NOW THEREFORE, in consideration of the mutual covenants herein contained,
the parties agree as follows:
1. APPOINTMENT. Adviser hereby appoints Sub-Adviser to provide certain
sub-investment advisory services to the Portfolio for the period and on the
terms set forth in this Agreement. Sub-Adviser hereby accepts such appointment
and agrees to furnish the services on the terms set forth in this Agreement.
2. SUB-ADVISER SERVICES. Subject always to the supervision of the Fund
Group's Board of Trustees and Adviser, Sub-Adviser will furnish an investment
program in respect of, and make investment decisions for, such portion of the
assets of the Portfolio as Adviser shall from time to time designate (such
portion is referred to herein as a "Portfolio Segment") and place all orders for
the purchase and sale of securities on behalf of the Portfolio Segment. In the
performance of its duties, Sub-Adviser will satisfy its fiduciary duties to the
Portfolio and will monitor the Portfolio Segment's investments, and will comply
with the stated investment objectives, policies and restrictions of the
Portfolio as set forth in the prospectus and Statement of Additional Information
for the Portfolio, as amended from time to time, as well as any other written
objectives, policies or limitations as may be provided to and accepted by
Sub-Adviser from Adviser in writing from time to time.

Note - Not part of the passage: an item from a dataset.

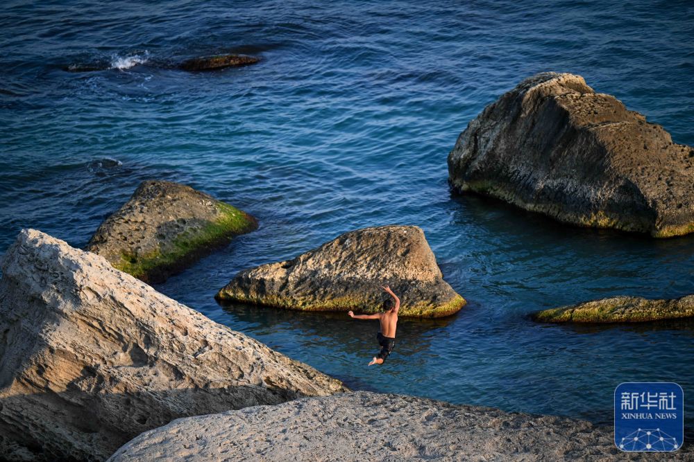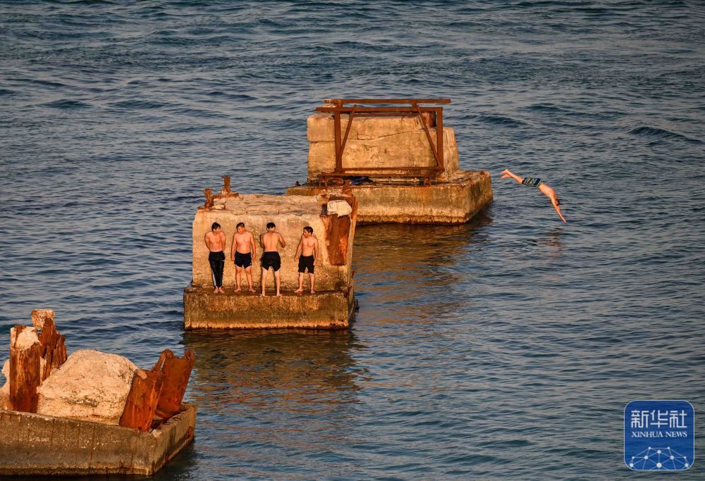 ↑8月5日,在哈萨克斯坦阿克套,一个男孩在里海海边纵身跳向大海。

Sub-Adviser will provide reports at least quarterly to the Fund Group's
Board of Trustees and to Adviser. Sub-Adviser will make its officers and
employees available to Adviser and the Board of Trustees from time to time at
reasonable times to review investment policies of the Portfolio with respect to
the Portfolio Segment and to consult with Adviser regarding the investment
affairs of the Portfolio Segment.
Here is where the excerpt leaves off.